» Supplied records
+--

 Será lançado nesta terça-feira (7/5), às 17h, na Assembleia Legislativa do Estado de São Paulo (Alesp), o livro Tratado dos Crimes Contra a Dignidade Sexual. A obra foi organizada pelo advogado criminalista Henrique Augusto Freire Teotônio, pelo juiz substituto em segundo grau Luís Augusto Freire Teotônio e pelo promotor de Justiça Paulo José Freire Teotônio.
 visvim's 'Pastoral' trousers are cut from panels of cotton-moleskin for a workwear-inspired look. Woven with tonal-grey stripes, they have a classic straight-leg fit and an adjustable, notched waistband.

+--

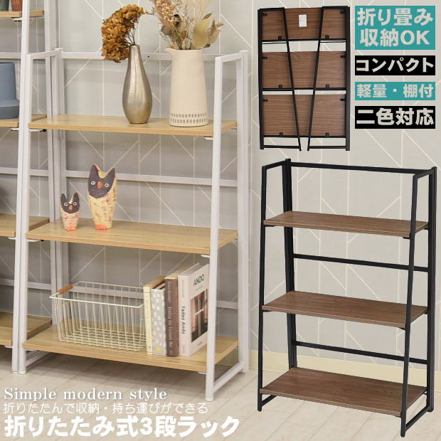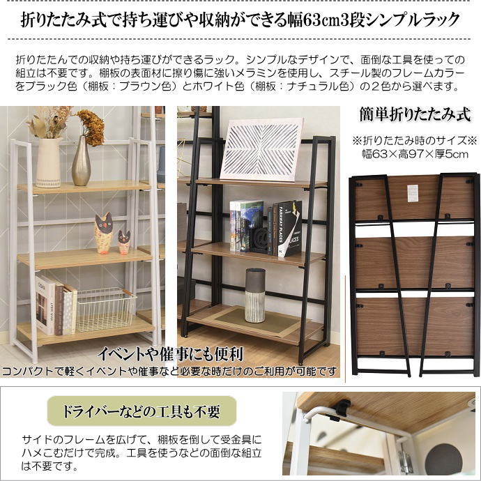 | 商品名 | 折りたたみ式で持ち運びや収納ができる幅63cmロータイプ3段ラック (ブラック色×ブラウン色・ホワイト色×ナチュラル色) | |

+--

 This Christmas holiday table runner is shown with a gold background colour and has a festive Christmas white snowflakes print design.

+--

» Problem to solve
Could you reproduce exactly the lines of the entries above, from the one with "Será lançado nesta" through the one with "visvim's 'Pastoral' trousers", and nothing else?

» Output of the task
 Será lançado nesta terça-feira (7/5), às 17h, na Assembleia Legislativa do Estado de São Paulo (Alesp), o livro Tratado dos Crimes Contra a Dignidade Sexual. A obra foi organizada pelo advogado criminalista Henrique Augusto Freire Teotônio, pelo juiz substituto em segundo grau Luís Augusto Freire Teotônio e pelo promotor de Justiça Paulo José Freire Teotônio.
 visvim's 'Pastoral' trousers are cut from panels of cotton-moleskin for a workwear-inspired look. Woven with tonal-grey stripes, they have a classic straight-leg fit and an adjustable, notched waistband.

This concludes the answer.